Eh bien mon cher, sache que cette douleur s’est incrustée dans mon esprit et elle est restée là, sans bouger, toute ma vie de femme. Je ne pourrais pas te dire que c’est une douleur physique, mais il m’est arrivé d’essayer de comprendre pourquoi elles m’ont coupé une partie aussi intime de mon être. J’y laissais traîner le doigt, ne sentant presque rien. Juste la cicatrice qui semble comme surveiller ce qui se passe plus près.
Le sexe n’est qu’un devoir conjugal
Tu dois te demander quel type de sexualité j’ai eu sans toi, la partie la plus importante dans ce qui aurait pu être mon point G. Eh bien rien. Nada ! Je n’ai jamais rien senti. Je suis restée comme anesthésiée par la douleur que j’ai dû ressentir.

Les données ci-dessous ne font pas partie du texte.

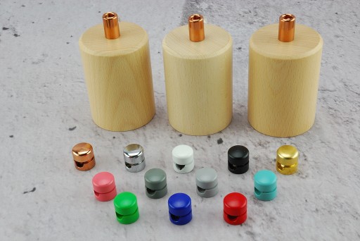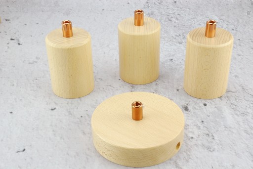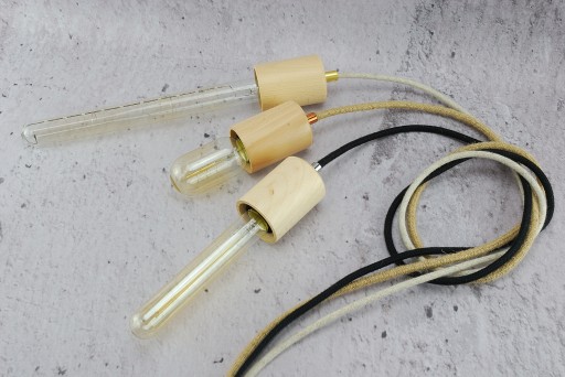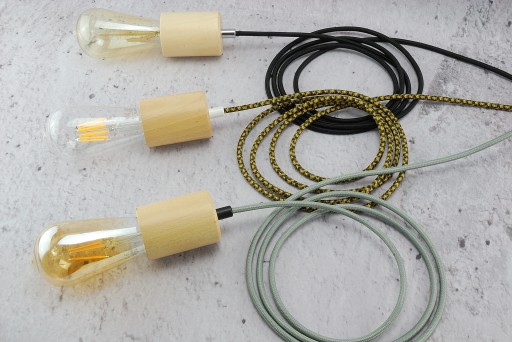 Kupując jedną sztukę otrzymujesz jedną drewnianą osłonkę, jedną oprawkę oraz jedną blokadę przewodu. Przewody, żarówki, podsufitki widoczne na zdjęciach umieszczone są w celu aranżacji, można je zakupić na pozostałych naszych aukcjach.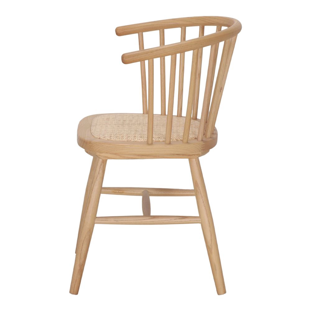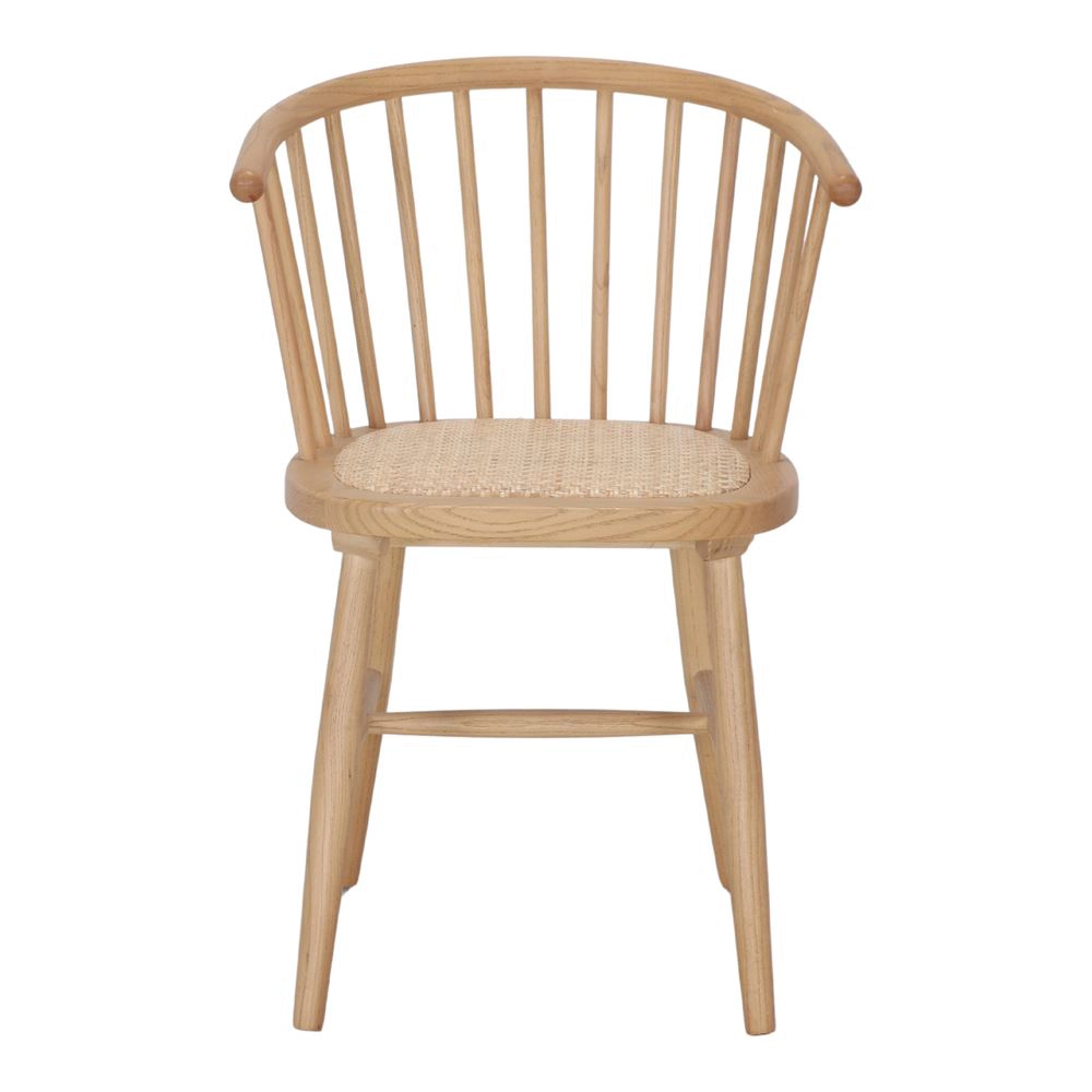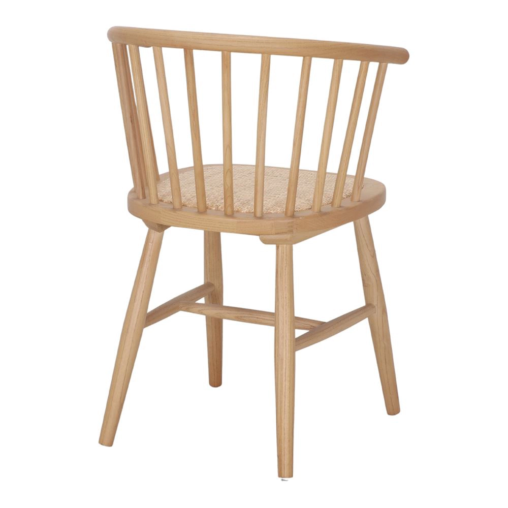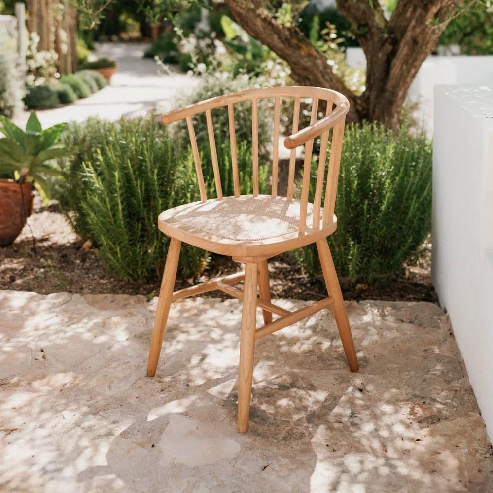 - A cadeira de jantar Cher destaca-se pelo seu design vintage com linhas arredondadas e estrutura em madeira maciça de olmo, combinando conforto e estética natural.

Je me suis mariée, j’ai eu cinq enfants dont j’ai accouché sans grandes difficultés. Ils sont bien beaux, en bonne santé, leur père est plutôt bien comme homme, il est très aimant et prend son rôle de mari au sérieux.
Mais, il doit certainement savoir que je suis frigide. Le sexe n’est pour moi qu’un devoir conjugal. D’ailleurs, peut-il être autre chose ? Les autres femmes ont-elles des sensations en faisant ce sport si cher à mon mari ? Hum ! je ne sais pas.
Pour qui étais-tu une menace ?
Je ne devrais pas te poser la question, car tu n’as pas eu la vie facile non plus. Tu n’as d’ailleurs pas eu de vie, vu la manière dont les sorcières t’ont arraché de moi, grillant mes nerfs, et faisant de moi cette personne froide, qui ne fait que regarder sa pauvre vie se dérouler sans aucun attrait.
Mon pauvre. Tu dois te dire que je suis une grande provocatrice, car toi tu n’as même plus vécu.
Tu dois avoir disparu, complètement décomposé depuis ces longues années…
Je suis désolée, mais il me fallait t’envoyer cette lettre comme pour faire une introspection. C’est si simple de prendre la décision de couper le clitoris dans ce pays. À croire que cet organe représente une menace. Pourtant l’organe de l’autre, l’homme, celui pour lequel ils font cette atrocité, est beaucoup plus dangereux. Lui viole, enceinte des petites filles qui peuvent mourir en couche, visite les prostituées et véhicule largement les maladies sexuellement transmissibles d’une femme à l’autre.
Cher clitoris, ne soit pas triste. J’ai eu des joies sans toi. D’autres joies. J’ai eu des satisfactions. Notamment celui de ne pas avoir une fille que l’on m’aurait obligé à exciser. D’ailleurs, je n’ai même pas insisté pour qu’on circoncise mes fils. Leur père s’en est toujours occupé et je dois dire que ce sont des plaies différentes ; elles se cicatrisent vite. Le prépuce qu’ils enlèvent semble n’être qu’un bout de peau qu’ils sont pressés de couper. C’est différent.
Serais-je différente si tu étais encore là ?
J’ai 50 ans et je ne cesse de me poser des questions : est-ce que je serais devenue cette personne peu expressive et sexuellement inexistante que je suis devenue ? Peut-on retrouver des sensations avec une opération ?
Tu ne dois pas avoir de réponse à me donner.
Ce n’est rien. Je ne t’en veux pas. Je n’en veux à personne.
Ceux qui t’ont coupé m’ont tuée à petit feu en mettant fin à ta vie.
J’espère que la vie n’est pas trop dure pour toi, là où tu te trouves.
J’imagine que tu n’es pas seul et que tous les organes coupés pour ces raisons hypocrites se trouvent avec toi, et je sais bien que tous les jours de nouveaux viennent s’ajouter au nombre.
Je ne sais pas trop quoi te dire pour finir ma lettre.
À bientôt ? Alors que je sais que nous ne nous verrons jamais ?
Au revoir ? Nous ne nous reverrons pas.
À jamais.
Cela peut convenir.
À jamais, très chère partie de mon sexe.
Je sais que je ne te retrouverai jamais.